This work is licensed under a Creative Commons Attribution By license.

Sunday, October 10, 2010

Finding the shortest path between two points: An example of the A* algorithm in Python

Introduction:

One common challenge is finding the shortest or least expensive path between two points. This simple problem can represent many different engineering and information processing problems. One of the most familiar versions of this problem is finding the shortest or fastest way to travel through between two points on a map.A famous variant of this problem is the traveling salesman problem. To set up this kind of problem, a directed graph needs to be created. A directed graph defines the connection between nodes. It also defines the cost to travel between nodes.

Given an origin and a destination in the graph, there are many ways to find the shortest path (or least cost) path between the origin and destination. One way which is usually intractable is to do a brute force search. However, of the tractable ways to solve the problem, the A* algorithm can be fast and efficient if a few conditions are met: an approximate estimate of the cost to reach the destination from every point in the graph is available and this approximation is always equal to or less than the optimal cost to reach the destination. 


An Example Problem:

A shortest path problem has the goal of finding a path through a graph which costs the least. Consider the simple graph shown below. Each node is represented by a red circle. The ways to travel between the nodes (the edges, arcs, arrows, etc) are shown by arrows between the nodes. each node has a name which is called out. To make the graph interesting, there is no way to travel in one step between the pair of nodes in 002 and 003 and the other pair of 013 and 014. To keep the problem simple, the cost to travel on every edge is equal to the Euclidean distance along the edge.

graph

The Astar algorithm can find a route from an origin to a destination node. For this example, the goal is to find a minimum cost route from node 001 to node 015. The graph is stored as a dictionary which has an entry for each node. This entry has a dictionary which defined the x and y coordinates of the node along with a list of nodes which can be reached. Furthermore, the approximate cost from each node to the destination is defined as the Euclidean distance from a given node to the destination. This distance satisfies the requirements for a good approximation in this model because it will always be equal or less than the best distance that can be achieved following the edges.

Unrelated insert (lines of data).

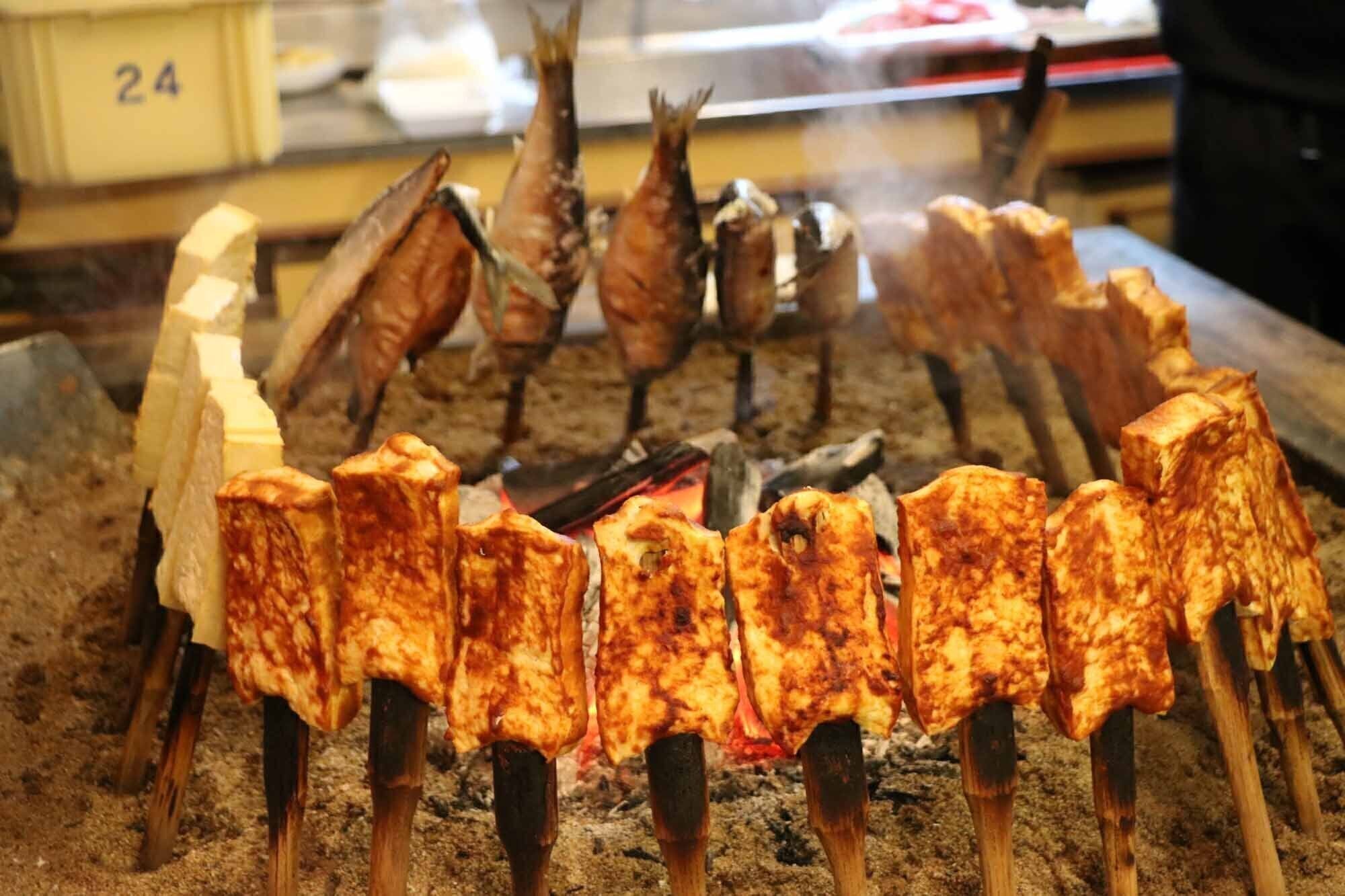 私は普代村に来て、焼き豆腐を使った「豆腐田楽」という郷土食に出会いました。この辺りの豆腐田楽は、ニンニク 味噌を表面に塗った焼き豆腐をさらに炭火で焼いたものです。ピリッと辛いニンニク味噌を豆腐のうま味が和らげ、噛むほどに絶妙な味わいが口の中に広がります。
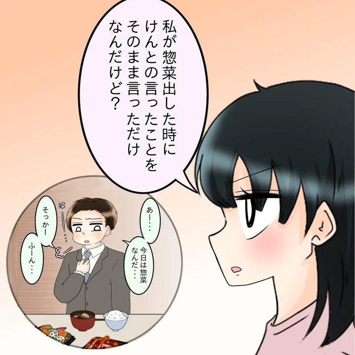 そんな中、モカが料理の当番制を提案。半ば逆ギレで同意するも、初回のハンバーグ作りは見事に失敗。その後、担当日には惣菜やレトルトばかり出すけんとだが、モカが同じように市販品を出すと不満げな態度を見せる。そしてある時、けんとがデパ地下で弁当を買ってくると…。
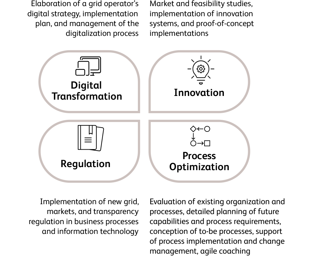 We support grid operators in all their core activities along the transformation path, such as:
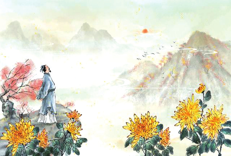 東晉詩(shī)人陶淵明在《九日閑居》一詩(shī)序文中曰:“余閑居,愛(ài)重九之名。秋菊盈園,而持醪靡由,空服九華,寄懷于言。”孫思邈的《千金方月令》也稱(chēng):“重陽(yáng)日,必以看酒登高遠(yuǎn)眺,為時(shí)宴之游賞,以暢秋志。酒必采茱萸、菊以泛之,即醉而歸?!碧拼蹙S的詩(shī)句膾炙人口:“遙知兄弟登高處,遍插茱萸少一人?!倍拍痢毒湃正R山登高》詩(shī)云:“塵世難逢開(kāi)口笑,菊花須插滿(mǎn)頭歸?!鼻宕本┲仃?yáng)節(jié)的習(xí)俗是把菊花枝葉貼在門(mén)窗上,“解除兇穢,以招吉祥”。
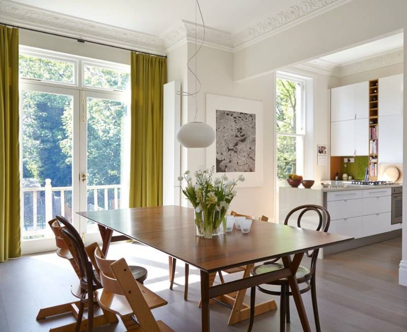 Как уже говорилось выше, шторы зеленого цвета – отличное решение для квартиры в любом стиле. Но все же существует несколько наиболее удачных вариантов сочетания.
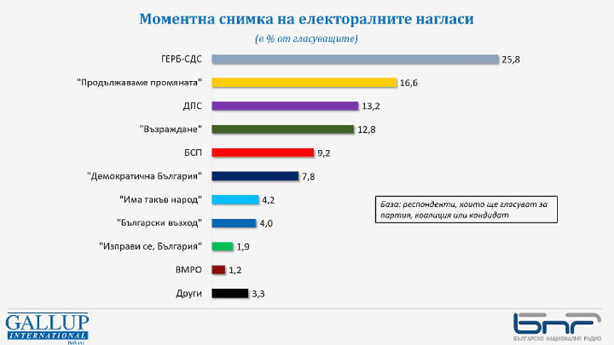 Ако изборите бяха в последната десетдневка на септември, ГЕРБ-СДС взема 25,8% от потенциалните гласове за партии, коалиции или независими кандидати, "Продължаваме промяната" - 16,6%, а ДПС и "Възраждане" към края на септември спорят за третото място, съответно с 13,2% и 12,8%.
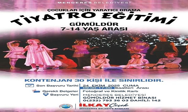 Çocuklar için yaratıcı drama tiyatro eğitimleri veren Menderes Belediyesi, yeni sezon

This implementation of the Astar algorithm is almost identical to the algorithm outlined in Wikipedia.

Once the Astar algorithm solves for the shortest path, the shortest path is visualized by laying it on top of the graph.

route

One key result can easily be seen in this example. By looking carefully at the graph, it should be obvious that there are other routes which can travel between the origin and destination with  the same distance or cost. For some problems, there is not a single shortest path, there are potentially many paths which have the same cost. This algorithm will generate only one. There may be other routes which are the shortest path.


Code Example:

Download

def Astar(start,goal,dist_between,neighbor_nodes,heuristic_estimate_of_dist):
    closedset = set([])             # The set of nodes already evaluated.     
    openset   = set([start])    # The set of tentative nodes to be evaluated.
                                    # starts off containing initial node
    came_from = set([])             # The map of navigated nodes.
    
    g_score={start:0}             # Distance from start along optimal path.
    h_score={start:heuristic_estimate_of_dist(start,goal)}
    f_score={start:h_score[start]}  #Estimated total distance from start to goal through y.
    came_from={start:None}
    
    while len(openset)>0:   # open set is not empty
         #x := the node in openset having the lowest f_score[] value
        bestX = None
        for x in openset:
            if bestX==None:
                bestX = x
            elif f_score[x] < f_score[bestX]:
                bestX = x
        x = bestX
        if x == goal:
            return reconstruct_path(came_from,came_from[goal])
        openset.discard(x)
        closedset.add(x)
        
        neighbor_list = neighbor_nodes(x)
        for y in neighbor_nodes(x):
            if y in closedset:
                continue
            tentative_g_score = g_score[x] + dist_between(x,y)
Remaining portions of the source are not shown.